Speaking of people who take shit from no-one --especially TV networks-- Charlie Sheen, the former star of Two and a Half Men, is back in the news again & seems well on its way to becoming a professional cryptozoologist: Back in July he was seen hanging out in loch Ness on the lookout for the fabled beastie --or some decent Scotch whiskey... maybe both?-- and after that he flew t0 Alaska in search of the Kushtaka, who according to Sheen is "a shape-shifting trickster who is half man, half otter. It lures one away from the campsite with the mimicked sounds of a crying baby, then kills you, takes on YOUR form, and returns to the scene for more suckers or prey." Hmm... the crying baby sounds remind me of the Australian Yowie, something Aaron mentioned in the last episode of MU.

As it was the case in Scotland, Sheen & his posse didn't manage to sight the Kushtaka, which leads me to believe cryptids are naturally adverse to comic actors --Maybe Christian Bale would have better luck? We all know he has a knack for interrogations...
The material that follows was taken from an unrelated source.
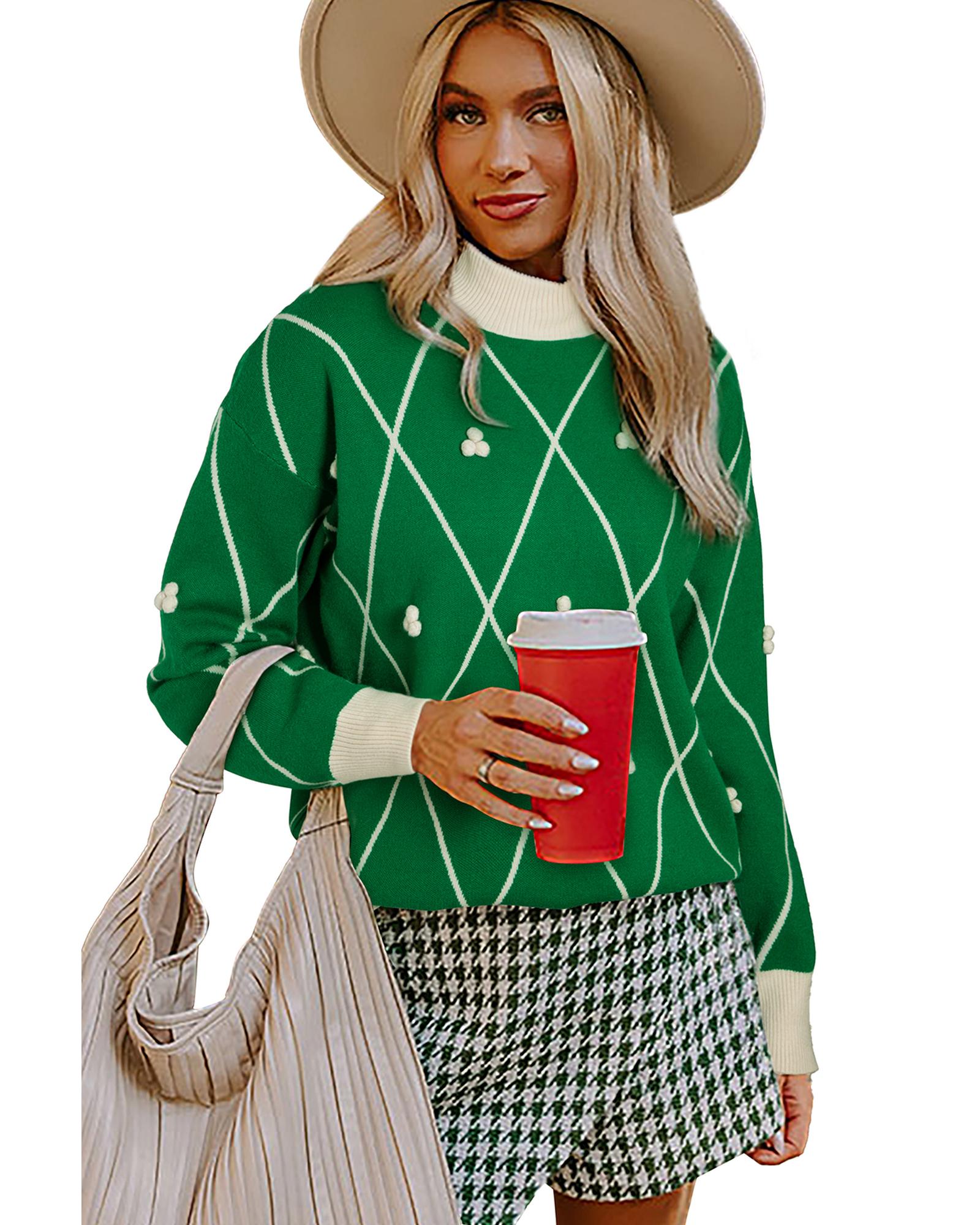 This high-neck sweater features a dark green color with a stylish diamond pattern and playful pom accents. The contrast trim adds a bold color block effect, making it a fashionable choice for festive occasions. Designed with a fitted silhouette, it offers both warmth and elegance, suitable for various sizes and body types.

8 If Charlie is thinking of flying to the Himalayas in search of the Yeti, he might want to make a quick stop on the former kingdom of Mustang in north-central Nepal, where a gorge so large it dwarfs the Grand Canyon in Arizona is now the subject of an on-going archeological expedition --the kind that puts archeologists in serious jeopardy.

caves

There, a team of mountaineers & archeologists lead by Pete Athans are exploring thousands of man-made caves carved into a sandy-colored cliff, 155 foot above the ground. The astonishing photographs captured by Cory Richards look as if they were taken in Tatooine, yet the whoever made those caves thousands of years before didn't have landspeeders or modern alpinist equipment --with which reaching the caves is still a dangerous ordeal-- so the researchers have no idea on how they managed to climb up there!
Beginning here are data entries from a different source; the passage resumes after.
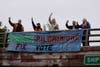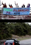 Supporters of the Freeze Pilgrim ballot question held their banners on the Route 3 overpass Thursday night waving at passing cars.
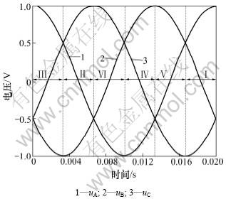 注意到uref与uAO(t)之间的相位关系,可以得到参考空间电压矢量所在扇区与三相相电压瞬时值之间的对应关系,如图3所示。由图3可以很容易看出扇区的判断条件与表1所列的一致。
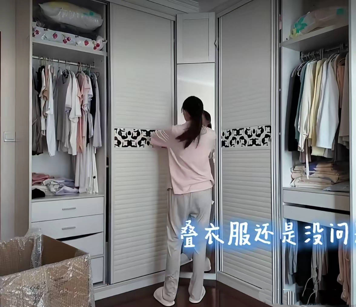 卧室里选择了木地板,但面积也不是很大。整体空间感比较局促,而从水亦诗的衣橱来看,她的衣服也不是很多。

As for the purpose of the caves themselves, archaeologist Mark Aldenderfer proposes this general theory:

Aldenderfer divides cave use in Mustang into three general periods. First, as long as 3,000 years ago, the caves were burial chambers. Then, around 1,000 years ago, they became primarily living quarters. Within a few centuries, the Kali Gandaki Valley—the neck in the hourglass connecting Asia’s highlands and lowlands—may have been frequently battled over. “People were scared,” Aldenderfer says. Families, placing safety over convenience, moved into the caves.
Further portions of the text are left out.